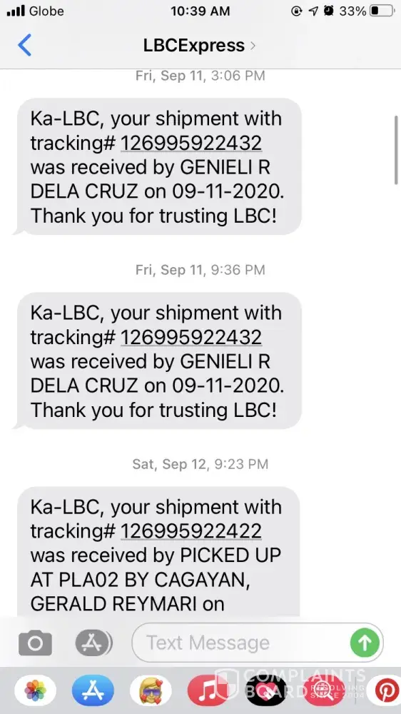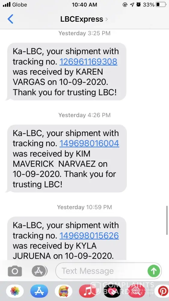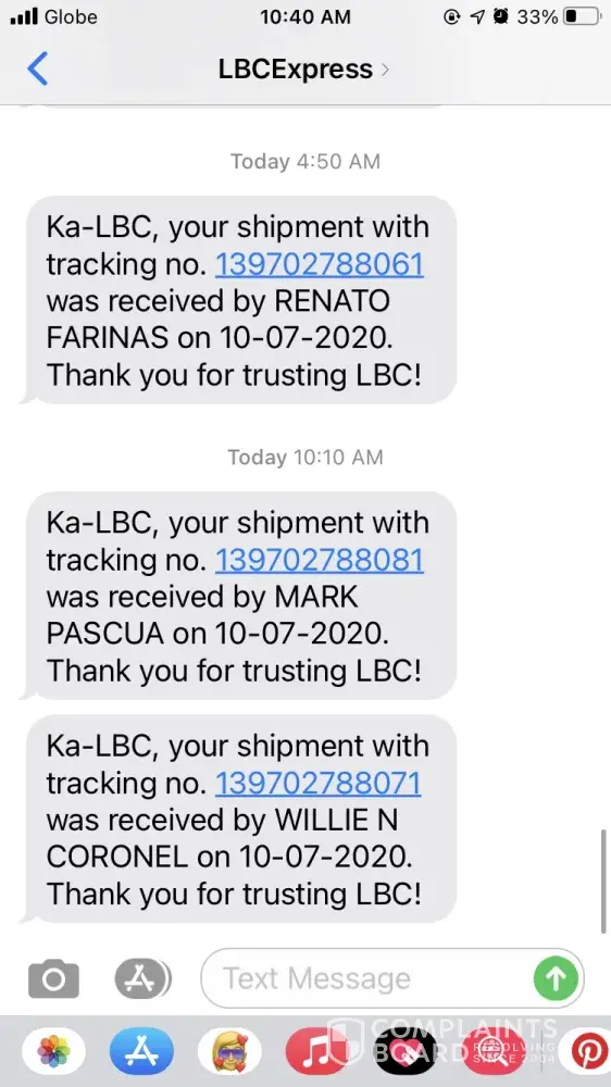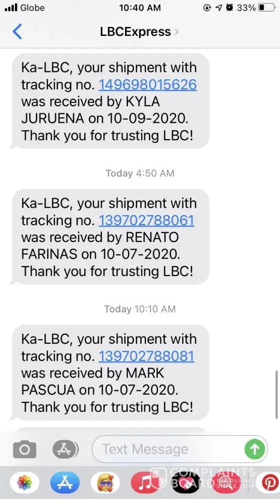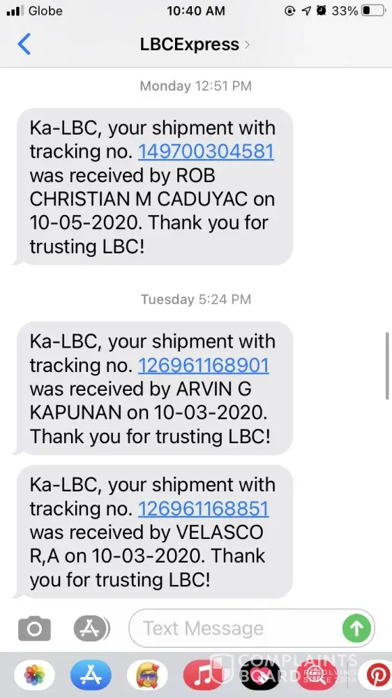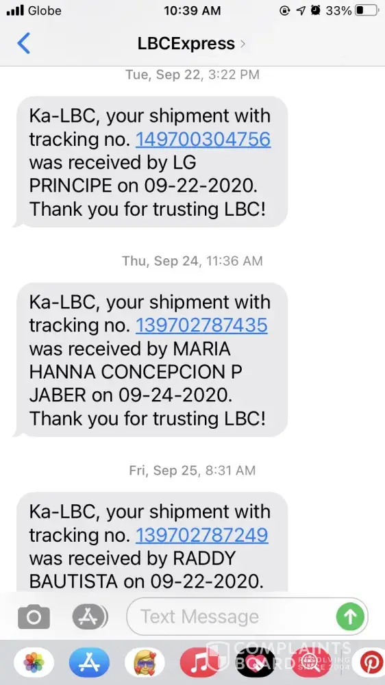 Hi! I have been receiving annoying SMS notifications that says: "Ka-LBC, your shipment with tracking no. xxxxx was received by xxxxx on xx-xx-2020. Thank you for trusting LBC."
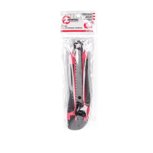Ніж з металевою напрямною під лезо 18 мм з гумованою рукояткою INTERTOOL HT-0503
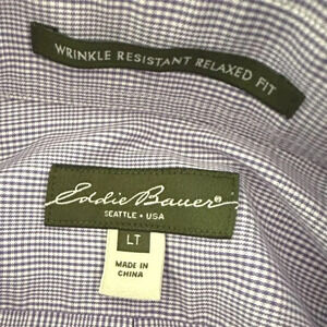 Eddie Bauer Mens Shirt Size LT Purple White Small Check Tall Long Sleeve
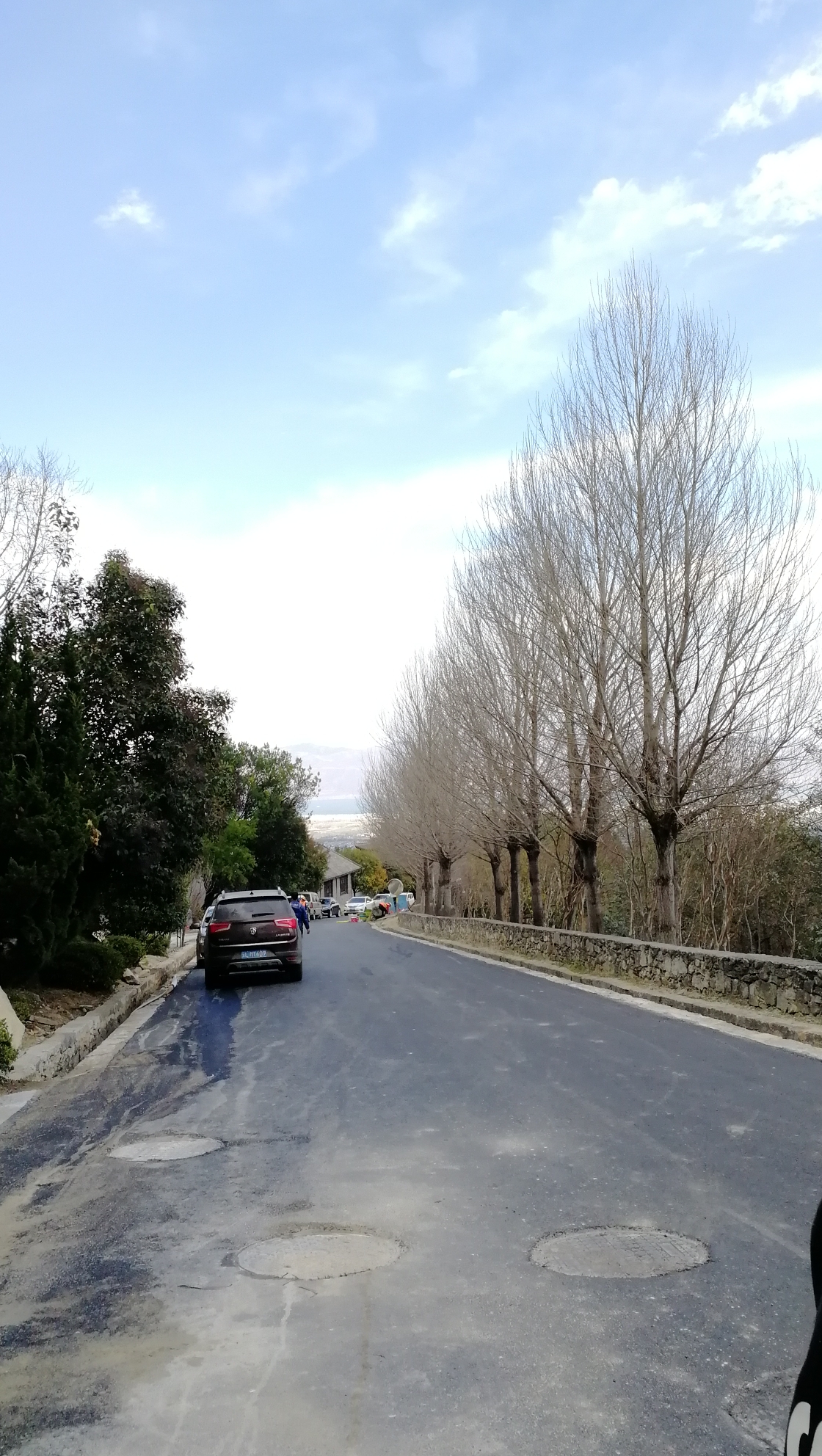 孩子粑粑喜欢看武侠小说,对《天龙八部》更是有情怀,一直给我讲珍珑棋局的故事,说这个介绍不对,具体故事原型是什么他说了我也记不住,就知道原来是围棋现在改成象棋。清碧溪峡谷很高的感觉,我们也是远眺拍照,没有爬上去,就沿着玉带路看风景拍照,玉带路在苍山半山腰,大概18公里,苍山19峰18溪沿路都可以看看,俯视山下头有点眩晕,想想 广州 白云山才三百多米高。我和粑粑都喜欢自然风光,山上的片岩、叠岩、松树等等,还可以看到整个
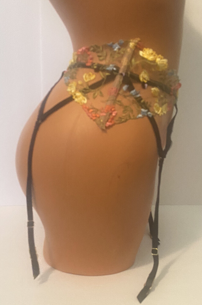 Victoria's Secret DREAM ANGELS Embroidered Floral M Panty M/L Garter Belt NEW
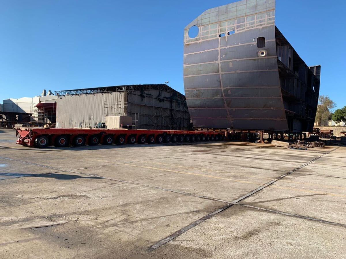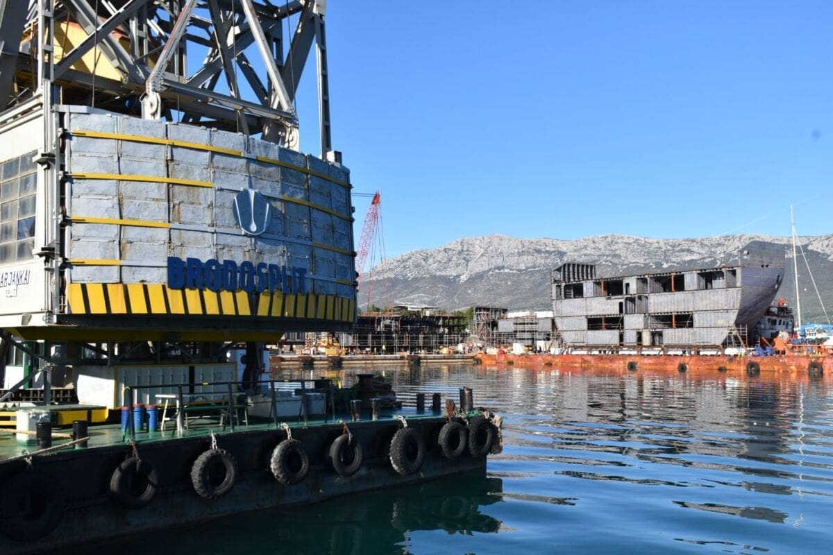 - Sekcija je uska, a visoka s težištem na 7 metara, pa je zahtjevni ukrcaj obavljen s 2 samohodna modularna transportera velike nosivosti (SPMT), svaki pojedinačno s 26 osovina što je ukupno 36 metara dug jedan transporter, čime smo sigurno ponijeli epitet rekordera ukrcaja i najvećeg prijevoza teških tereta u Hrvatskoj- ponosno je istaknuo Milan Simić, voditelj transporta u Brodosplitu.
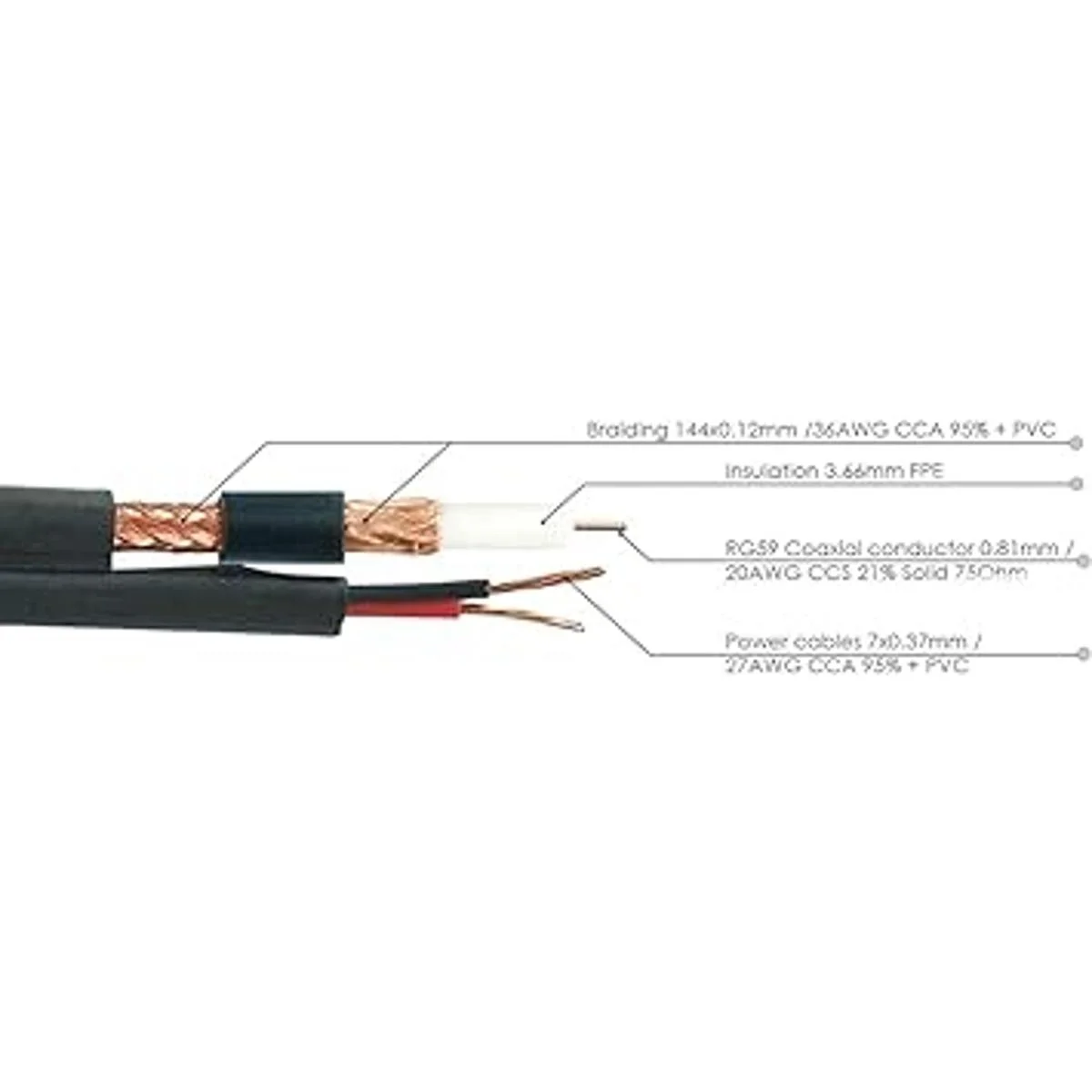 RG59 Cable coaxial siamés de 500 pies, cable CCTV para cámara de seguridad, cable de vídeo y alimentación combinado, 20 AWG

_Requirement_: The answer must consist solely of the lines from the first line of the records through the line containing "Eddie Bauer Mens", reproduced exactly and without the pictures.

_Response to this task_:
 Hi! I have been receiving annoying SMS notifications that says: "Ka-LBC, your shipment with tracking no. xxxxx was received by xxxxx on xx-xx-2020. Thank you for trusting LBC."
Ніж з металевою напрямною під лезо 18 мм з гумованою рукояткою INTERTOOL HT-0503
 Eddie Bauer Mens Shirt Size LT Purple White Small Check Tall Long Sleeve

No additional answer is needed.